> _Required work_:
Reproduce every entry word for word. Drop all pictures from the copy.

--------------------------------

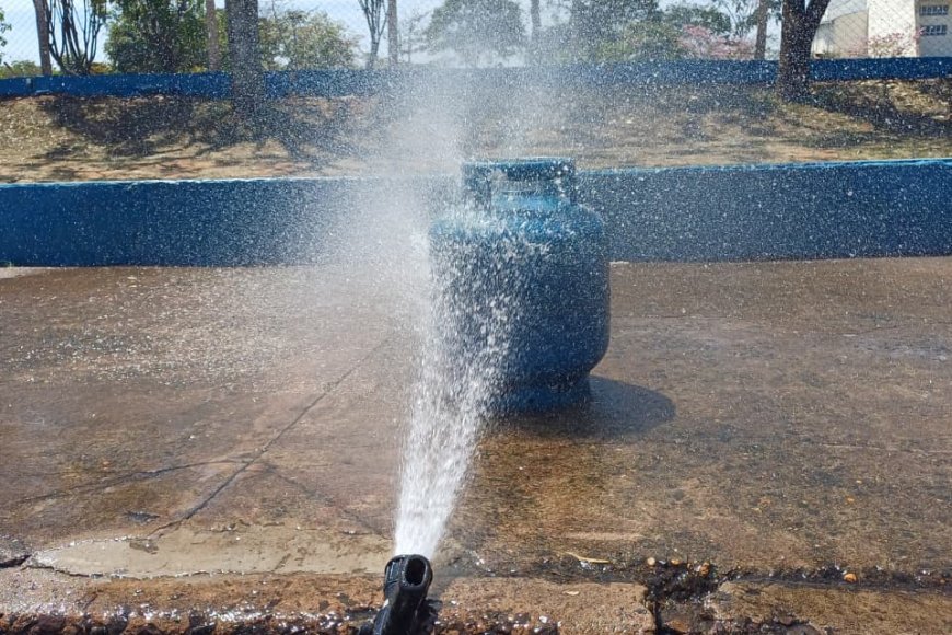 A situação era crítica: o calor intenso provocou o rompimento da válvula de alívio de um dos botijões — estágio que antecede a explosão.
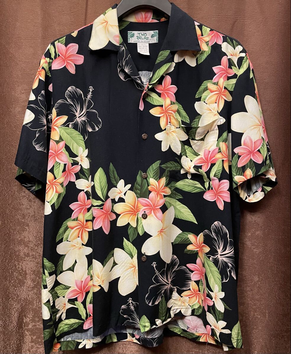 > MADE IN HAWAII製 TWO PALMS 半袖 花柄 アロハシャツ ブラック Mサイズ トゥーパームス ハワイ製 ハワイ 半袖シャツ 開襟シャツ 黒
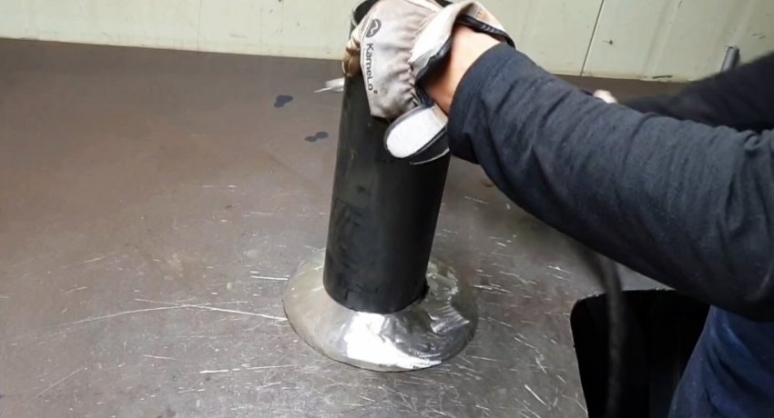 Труба будет использоваться в качестве ножки мангала, а вваренная вверху крышка выступит фальшдном. Оно нужно, чтобы приподнять топливный брикет повыше к области готовки.
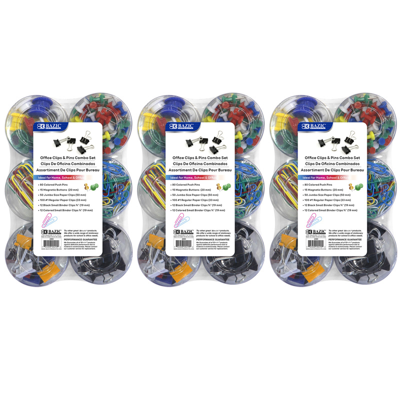 BAZIC® Push Pin, Paper Clip, Binder Clip, Magnetic Button Combo Set, 269 Pieces Per Set, 3 Sets
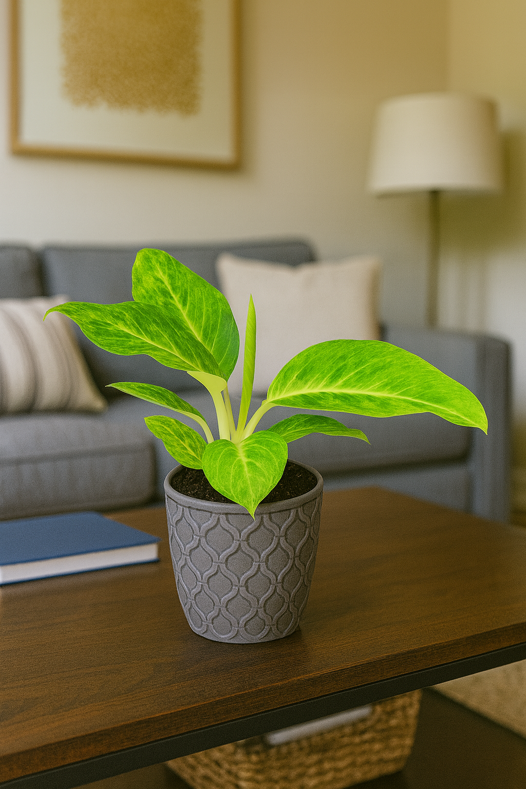 Aglaonema Citronelle pochodzi z tropikalnych lasów Azji Południowo-Wschodniej. To egzotyczna odmiana aglaonemy, która zachwyca jasnozielonymi, cytrynowo-limonkowymi liśćmi z delikatnym połyskiem posiadająca pokrój krzaczasty, zwarty. Jej świeży, soczysty kolor wprowadza do wnętrz energię, światło i harmonię – dlatego świetnie sprawdza się w salonie, biurze czy sypialni.
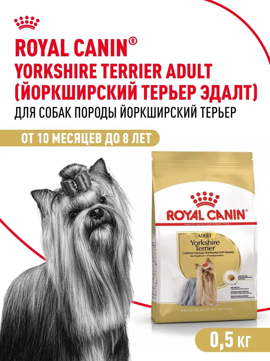 Здоровое питание для питомцев различных пород. Каждая порода собак имеет индивидуальные потребности, и гамма продуктов ROYAL CANIN ’s Breed Health Nutrition разработана для поддержания здоровья с учетом особенностей собак различных пород. Корм ROYAL CANIN Yorkshire Terrier Adult, предназначенный для собак породы йоркширский терьер старше 10 месяцев, разработан в соответствии со всеми потребностями вашей взрослой собаки в питательных веществах. Корм ROYAL CANIN Yorkshire Terrier Adult способствует поддержанию здоровья шерсти вашей собаки благодаря сбалансированному составу, обогащенному незаменимыми жирными кислотами Омега-3 (ЭПК и ДГК), Омега-6, маслом огуречника аптечного и биотином. Благодаря сочетанию привлекательного аромата и адаптированной текстуры и формы крокет ROYAL CANIN Yorkshire Terrier Adult понравится даже самым привередливым в питании собакам. Забота о гигиене ротовой полости – важный фактор, который следует учитывать при выборе корма для собаки. ROYAL CANIN Yorkshire Terrier Adult помогает замедлить образование зубного камня благодаря наличию в составе хелаторов кальция. Для удовлетворения индивидуальных предпочтений каждой собаки ROYAL CANIN Yorkshire Terrier Adult выпускается также в виде влажного корма – в форме нежного аппетитного паштета. Если вы выбрали для своей собаки смешанное питание, следуйте рекомендованным нормам кормления, чтобы сочетать сухой и влажный продукт в пропорциях, оптимальных для здоровья животного.

--------------------------------

> _Answer_:
 A situação era crítica: o calor intenso provocou o rompimento da válvula de alívio de um dos botijões — estágio que antecede a explosão.
 > MADE IN HAWAII製 TWO PALMS 半袖 花柄 アロハシャツ ブラック Mサイズ トゥーパームス ハワイ製 ハワイ 半袖シャツ 開襟シャツ 黒
 Труба будет использоваться в качестве ножки мангала, а вваренная вверху крышка выступит фальшдном. Оно нужно, чтобы приподнять топливный брикет повыше к области готовки.
 BAZIC® Push Pin, Paper Clip, Binder Clip, Magnetic Button Combo Set, 269 Pieces Per Set, 3 Sets
 Aglaonema Citronelle pochodzi z tropikalnych lasów Azji Południowo-Wschodniej. To egzotyczna odmiana aglaonemy, która zachwyca jasnozielonymi, cytrynowo-limonkowymi liśćmi z delikatnym połyskiem posiadająca pokrój krzaczasty, zwarty. Jej świeży, soczysty kolor wprowadza do wnętrz energię, światło i harmonię – dlatego świetnie sprawdza się w salonie, biurze czy sypialni.
 Здоровое питание для питомцев различных пород. Каждая порода собак имеет индивидуальные потребности, и гамма продуктов ROYAL CANIN ’s Breed Health Nutrition разработана для поддержания здоровья с учетом особенностей собак различных пород. Корм ROYAL CANIN Yorkshire Terrier Adult, предназначенный для собак породы йоркширский терьер старше 10 месяцев, разработан в соответствии со всеми потребностями вашей взрослой собаки в питательных веществах. Корм ROYAL CANIN Yorkshire Terrier Adult способствует поддержанию здоровья шерсти вашей собаки благодаря сбалансированному составу, обогащенному незаменимыми жирными кислотами Омега-3 (ЭПК и ДГК), Омега-6, маслом огуречника аптечного и биотином. Благодаря сочетанию привлекательного аромата и адаптированной текстуры и формы крокет ROYAL CANIN Yorkshire Terrier Adult понравится даже самым привередливым в питании собакам. Забота о гигиене ротовой полости – важный фактор, который следует учитывать при выборе корма для собаки. ROYAL CANIN Yorkshire Terrier Adult помогает замедлить образование зубного камня благодаря наличию в составе хелаторов кальция. Для удовлетворения индивидуальных предпочтений каждой собаки ROYAL CANIN Yorkshire Terrier Adult выпускается также в виде влажного корма – в форме нежного аппетитного паштета. Если вы выбрали для своей собаки смешанное питание, следуйте рекомендованным нормам кормления, чтобы сочетать сухой и влажный продукт в пропорциях, оптимальных для здоровья животного.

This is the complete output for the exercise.